South Carolina's current labor market shows genuine strength. The state's unemployment rate stands at 4.9 percent as of January 2026, above the national rate of 4.3 percent but within the range of structural full employment. Weekly initial jobless claims in South Carolina totaled 2,782 for the week ending April 4, 2026, down 26.4 percent year-over-year, indicating strong underlying demand. The insured unemployment rate of 0.67 percent reflects rapid reemployment of jobless workers and suggests that displaced workers do find new positions, albeit potentially at lower wages or with greater commuting distance.

However, these state-level aggregates mask significant regional variation. South Carolina's growth has concentrated in metropolitan areas—the Charleston, Columbia, and Greenville-Spartanburg corridors—which have attracted technology firms, distribution centers, and professional services companies. Rural counties like McCormick, by contrast, remain dependent on agriculture, legacy manufacturing, and small local services. McCormick's economic trajectory diverges sharply from the state average: while South Carolina has successfully diversified its economy, McCormick remains structurally vulnerable to manufacturing sector cyclicality.
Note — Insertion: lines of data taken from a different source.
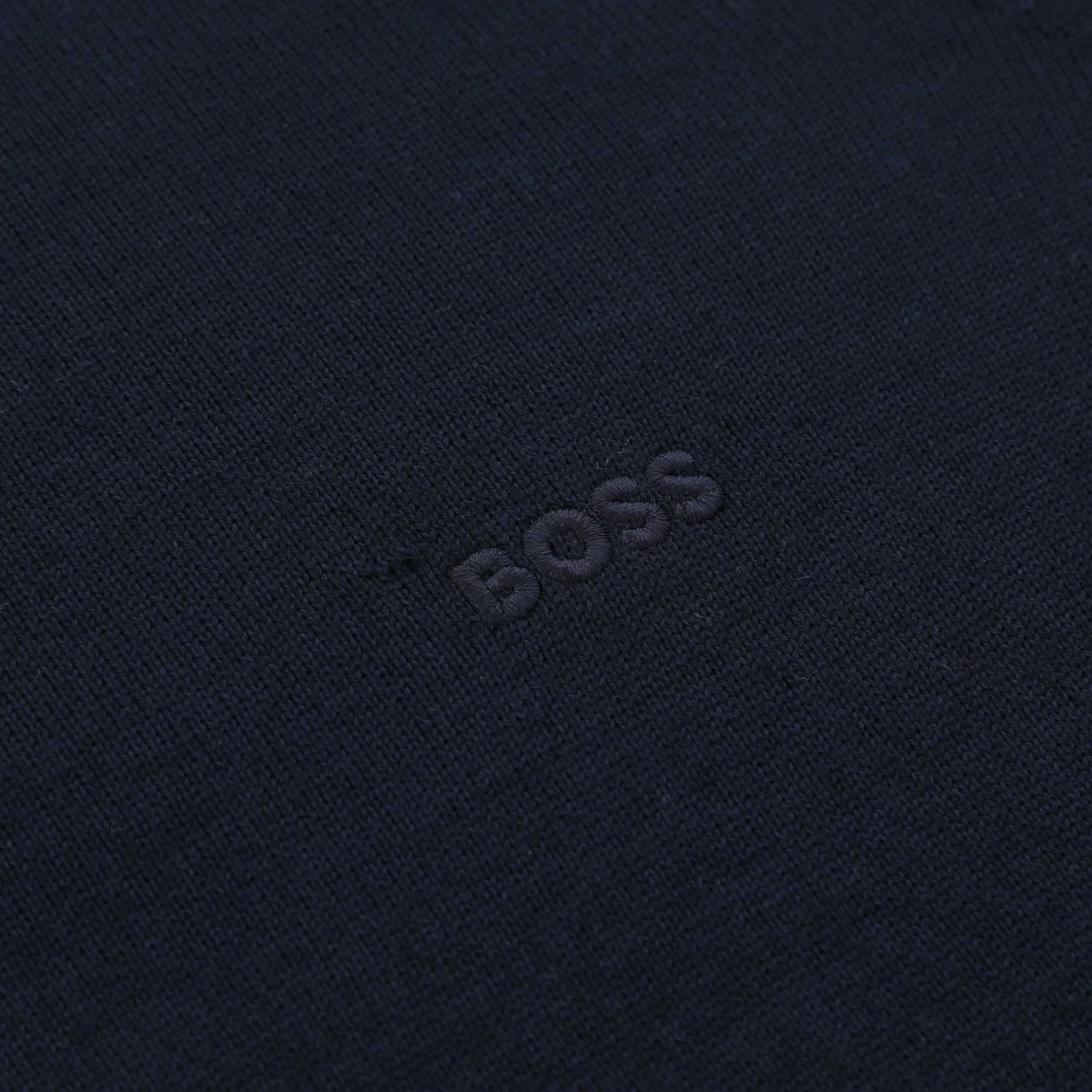BOSS Balonso L Knitwear in Dark Blue. A sleek full-zip layer from BOSS, finished in a clean black palette for maximum versatility. It features a high stand ribbed collar, ribbed cuffs, and a stretch ribbed waistband for a streamlined fit that keeps its shape. Subtle top-stitch detailing adds refinement, while the signature BOSS woven pinch tag at the left side seam delivers an understated branded touch. A modern everyday essential built for effortless style.
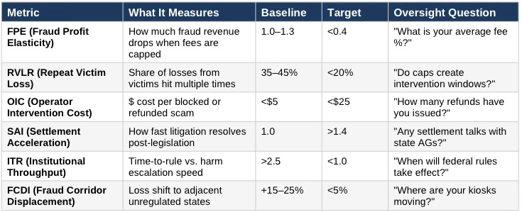 Fee caps, not transaction caps, drive the fiercest opposition because they compress profit margins across all transaction volume—both legitimate and fraud-driven. A $10,000 scam at 20% generates $2,000 in operator revenue; at 5%, $500. The goal is not to eliminate crypto-ATMs but to make the current high-margin extraction model unviable while preserving legitimate low-cost access. Washington’s 5% cap is the national test case for whether states can force this business-model adjustment.
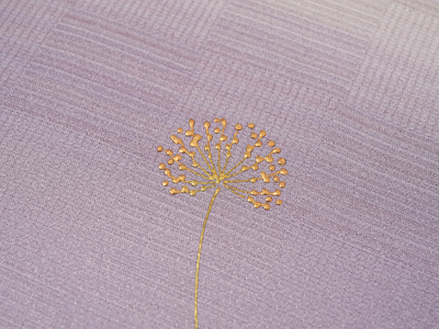 生地の光沢と地色の薄紫の色の変化がとても綺麗で、少し大人っぽいシックな色合いとなっていて、それとは対照的にタンポポの綿毛は可憐なイメージなのですが、金彩で描かれている事によってとてもスマートで個性的な印象となっています。
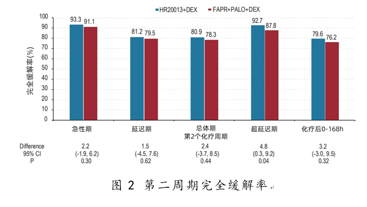 第一周期總體期的完全緩解率分別為77.7% vs 78.2%(差異為-0.9%[95% CI:-6.7,5.0];單側P<0.01),顯示主要終點達到非劣效性(圖1)。同時,該Ⅲ期臨床研究數據顯示出了HR20013在超延遲期的療效,無論是第一周期還是第二周期,HR20013超延遲期完全緩解率數值均高于FAPR+PALO(第一周期:90.3% vs 86.5%;第二周期:92.7% vs 87.8%;圖1、2)。
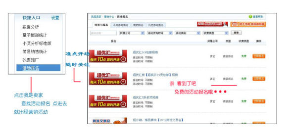 还有很多免费的活动,我这边就一一列举了,亲们如果想得到更大的收获,可以到“我是卖家〉营销中心”查找,选择适合自己的,今天就说到这里,谢谢各位的捧场!!!! 本文来自菁菁网
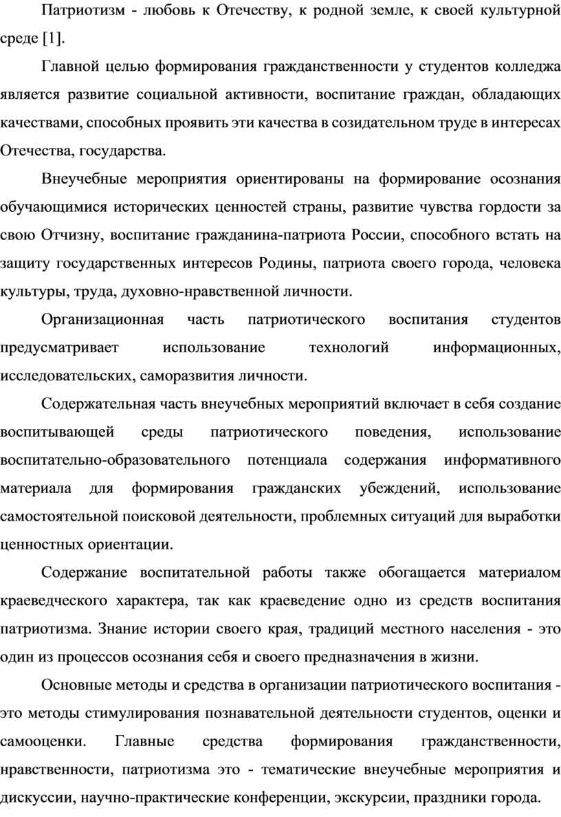 Утрата патриотических идеалов делает общество нежизнеспособным. Поэтому воспитание патриотизма у студентов колледжа является одной из важнейших задач всех педагогов колледжа в целом. Организация гражданско-патриотического воспитания в колледже - это системный целенаправленный процесс взаимодействия администрации города, колледжа, педагогов с одной стороны, родителей и обучающихся с другой. Формированию гражданственности и патриотизма, социально-значимых ценностей студентов постоянно уделяется пристальное внимание. Педагоги колледжа рассматривают патриотизм как составляющую понятия гражданственность. Гражданственность позволяет молодежи чувствовать свою принадлежность к родной стране, своей Отчизне.
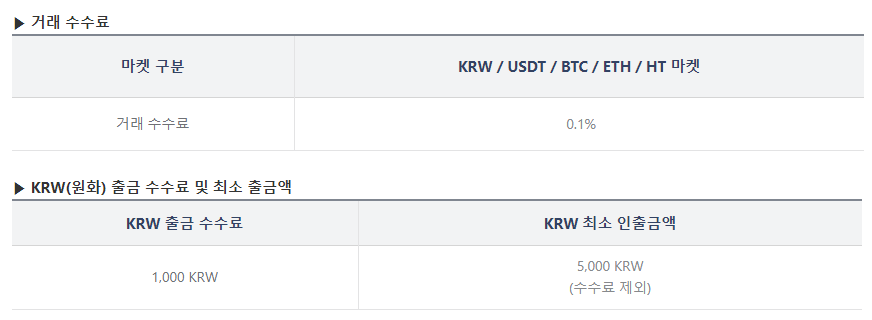 - KRW, USDT, BTC, ETH, HT 마켓 거래 수수료 : 0.1%
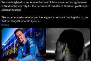 “我們非常高興地宣布,俱樂部已與曼城就巴西門將埃德森的永久轉(zhuǎn)會達(dá)成協(xié)議。這位經(jīng)驗豐富的門將已與我們簽署了一份3+1合同?!?/p>
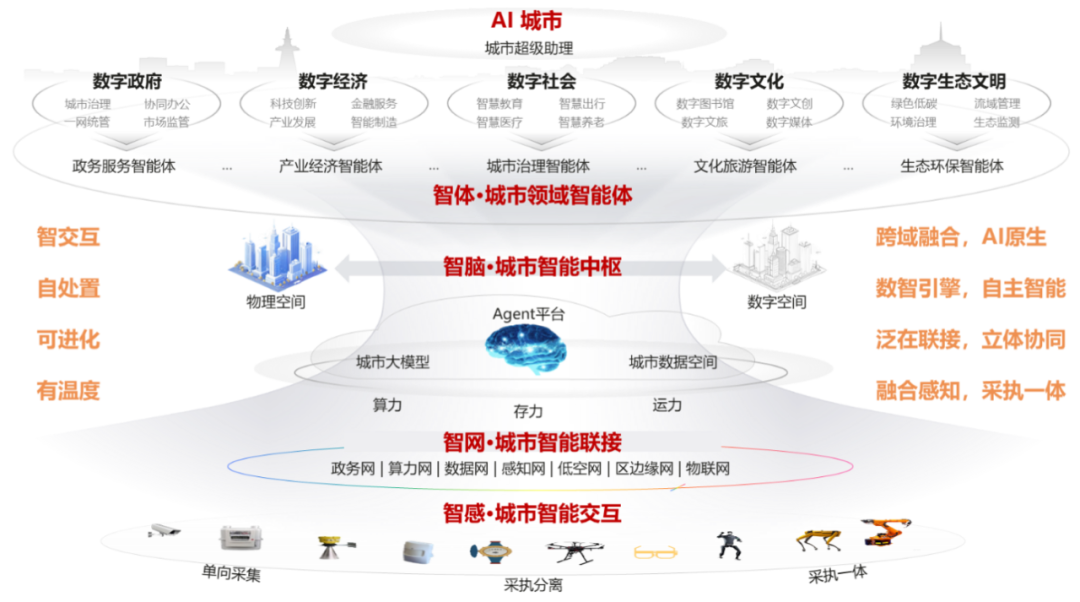 通过以上四个维度的跨越式发展,AI CITY构建起 “善感知、会思考、有温度、自进化” 的智能形态。它以“城市领域智能体”“城市智能中枢”“城市智能联接”“城市智能交互”的垂直贯通为核心架构,形成“自我感知-动态推演-精准执行”的完整运转闭环。这一架构不仅为城市全域数字化转型提供了坚实支撑,推动治理、服务、运行等各环节的系统性升级,更从技术创新与场景适配层面,为城市智能化演进持续注入鲜活动能。
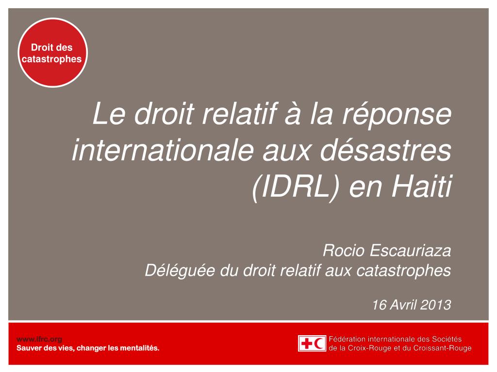 Le droit relatif à la réponse internationale aux désastres (IDRL) en HaitiRocio EscauriazaDéléguée du droit relatif aux catastrophes16 Avril 2013

The state's H-1B hiring concentration further illustrates regional inequality. South Carolina attracts H-1B workers primarily to educational institutions (Clemson University leads with 408 petitions, Medical University of South Carolina with 265) and technology consulting firms (Capgemini America with 396 petitions, Wipro with 285). These employers operate in Charleston, Columbia, and the Upstate region—not in rural McCormick County. The absence of H-1B hiring in McCormick actually reveals a positive fact: these layoffs did not result from visa-dependent labor substitution. They instead reflect genuine demand destruction in legacy industries.

Conclusion for Economic Development Strategy

McCormick's layoff history illustrates the challenge facing rural manufacturing communities in the modern economy. The town possesses real manufacturing capacity and stable large employers, yet remains vulnerable to sector-level contractions beyond local control. Economic diversification—attracting remote-work-enabled businesses, supporting agritourism, developing small business entrepreneurship—offers the most viable path toward employment resilience. Without structural economic change, McCormick will likely experience periodic workforce reductions as manufacturing optimization and consolidation continue.